* [Exercise requirements]: Make an exact copy, from the records below, of the lines from the line containing "Um casal de" to the line containing "La victoria del", both lines included, excluding pictures.

Items from a dataset:
┌──
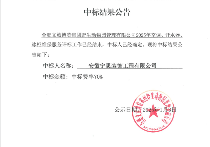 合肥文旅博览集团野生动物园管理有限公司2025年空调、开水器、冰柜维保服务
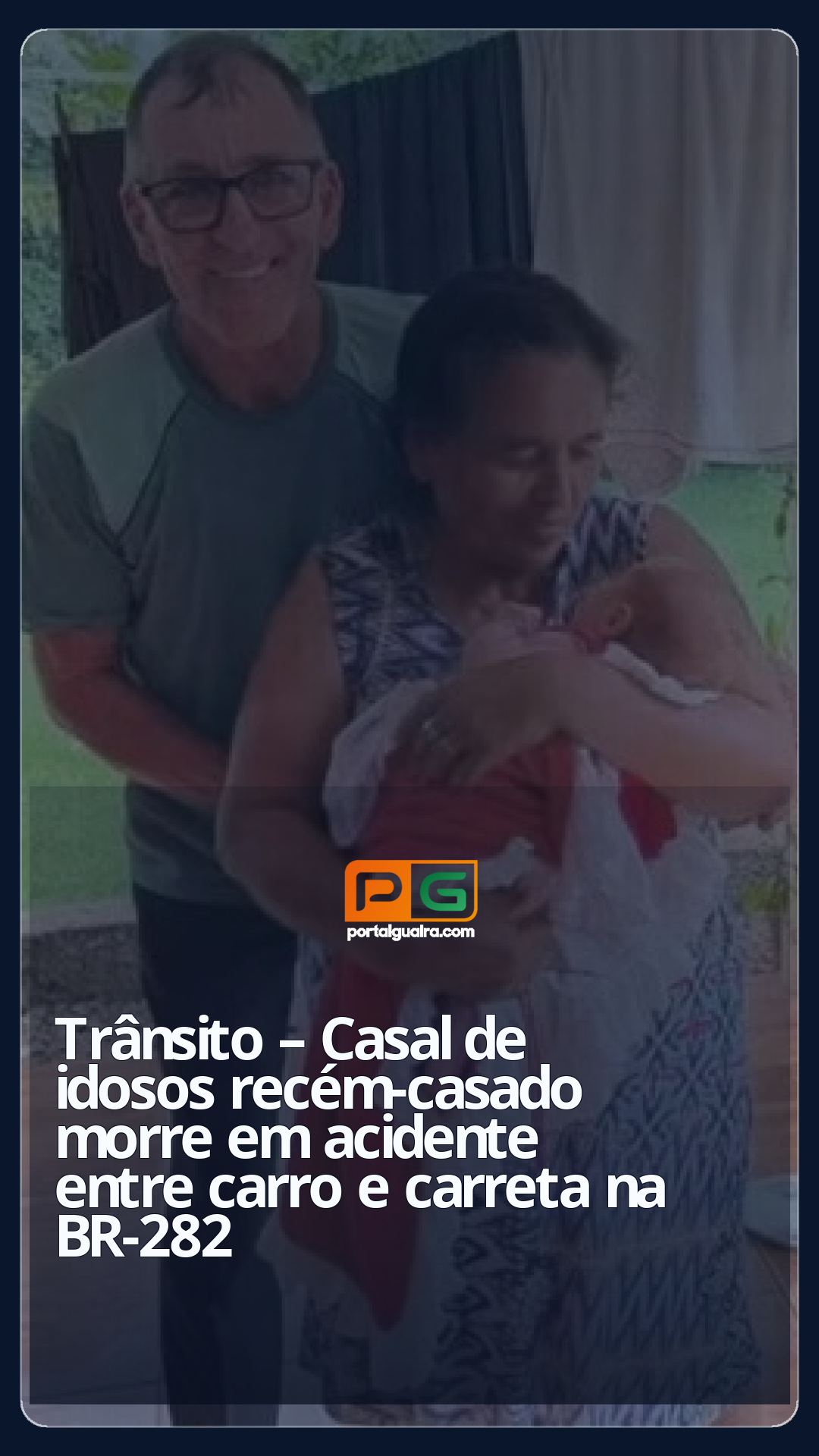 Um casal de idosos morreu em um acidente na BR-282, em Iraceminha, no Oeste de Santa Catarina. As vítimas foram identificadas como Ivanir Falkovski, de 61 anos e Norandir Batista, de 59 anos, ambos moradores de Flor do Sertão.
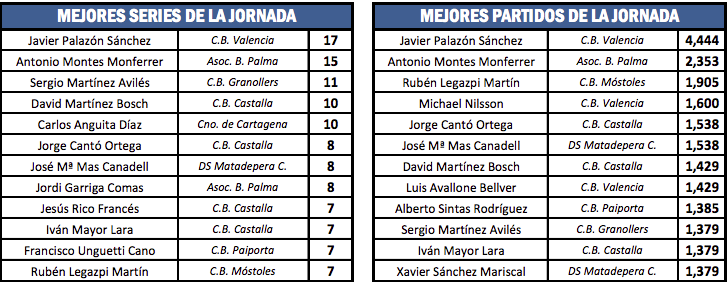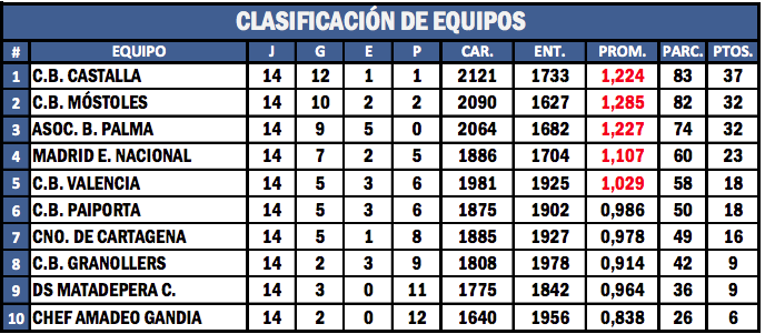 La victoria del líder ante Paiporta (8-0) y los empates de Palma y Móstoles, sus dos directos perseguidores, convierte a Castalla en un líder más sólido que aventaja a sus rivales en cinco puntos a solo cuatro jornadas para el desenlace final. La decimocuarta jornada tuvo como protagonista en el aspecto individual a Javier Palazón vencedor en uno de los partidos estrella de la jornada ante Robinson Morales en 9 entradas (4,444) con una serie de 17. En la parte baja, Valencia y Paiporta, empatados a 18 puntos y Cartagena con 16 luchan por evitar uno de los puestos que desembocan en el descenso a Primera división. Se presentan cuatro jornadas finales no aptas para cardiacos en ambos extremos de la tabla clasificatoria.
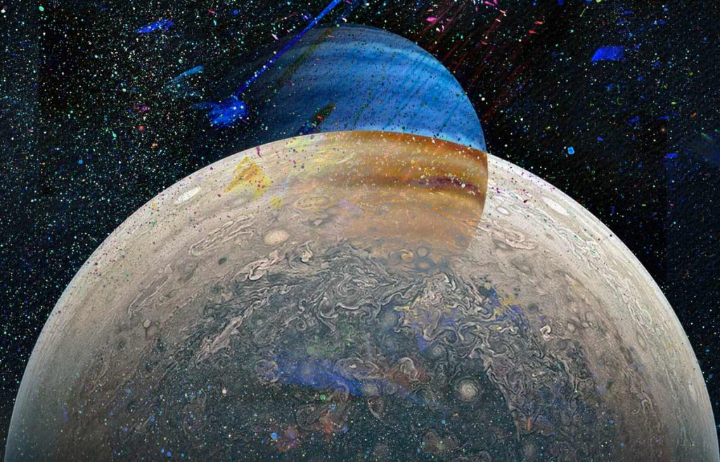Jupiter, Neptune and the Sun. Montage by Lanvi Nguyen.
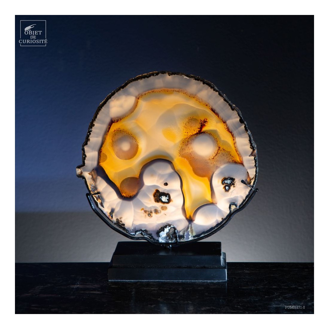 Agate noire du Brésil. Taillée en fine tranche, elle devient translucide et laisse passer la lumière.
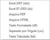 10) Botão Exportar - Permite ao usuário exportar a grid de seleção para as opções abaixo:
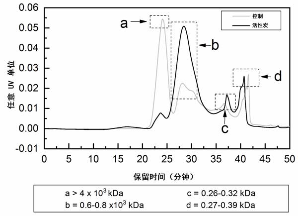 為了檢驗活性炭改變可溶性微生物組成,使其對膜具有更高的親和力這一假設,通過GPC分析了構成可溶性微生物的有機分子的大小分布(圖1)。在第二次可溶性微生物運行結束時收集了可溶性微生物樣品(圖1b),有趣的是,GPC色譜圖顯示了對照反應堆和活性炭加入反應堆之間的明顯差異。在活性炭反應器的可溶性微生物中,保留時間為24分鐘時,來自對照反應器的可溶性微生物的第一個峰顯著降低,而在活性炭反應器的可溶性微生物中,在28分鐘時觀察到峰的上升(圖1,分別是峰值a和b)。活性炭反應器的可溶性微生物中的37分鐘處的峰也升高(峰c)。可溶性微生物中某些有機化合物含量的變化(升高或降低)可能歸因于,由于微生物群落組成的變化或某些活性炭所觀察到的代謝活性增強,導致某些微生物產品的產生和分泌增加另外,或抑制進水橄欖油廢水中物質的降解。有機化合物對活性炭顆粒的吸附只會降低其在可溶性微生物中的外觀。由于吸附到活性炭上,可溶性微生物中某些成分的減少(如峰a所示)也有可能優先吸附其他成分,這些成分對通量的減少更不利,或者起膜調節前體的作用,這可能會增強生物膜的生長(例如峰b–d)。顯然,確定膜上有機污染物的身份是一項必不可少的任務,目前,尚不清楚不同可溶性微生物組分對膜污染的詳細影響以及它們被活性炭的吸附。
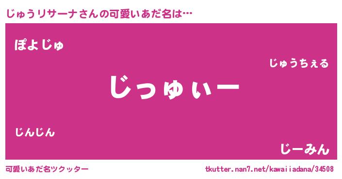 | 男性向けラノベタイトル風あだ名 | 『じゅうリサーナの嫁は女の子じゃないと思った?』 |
└──
* [Answer to this problem]:
 Um casal de idosos morreu em um acidente na BR-282, em Iraceminha, no Oeste de Santa Catarina. As vítimas foram identificadas como Ivanir Falkovski, de 61 anos e Norandir Batista, de 59 anos, ambos moradores de Flor do Sertão.
 La victoria del líder ante Paiporta (8-0) y los empates de Palma y Móstoles, sus dos directos perseguidores, convierte a Castalla en un líder más sólido que aventaja a sus rivales en cinco puntos a solo cuatro jornadas para el desenlace final. La decimocuarta jornada tuvo como protagonista en el aspecto individual a Javier Palazón vencedor en uno de los partidos estrella de la jornada ante Robinson Morales en 9 entradas (4,444) con una serie de 17. En la parte baja, Valencia y Paiporta, empatados a 18 puntos y Cartagena con 16 luchan por evitar uno de los puestos que desembocan en el descenso a Primera división. Se presentan cuatro jornadas finales no aptas para cardiacos en ambos extremos de la tabla clasificatoria.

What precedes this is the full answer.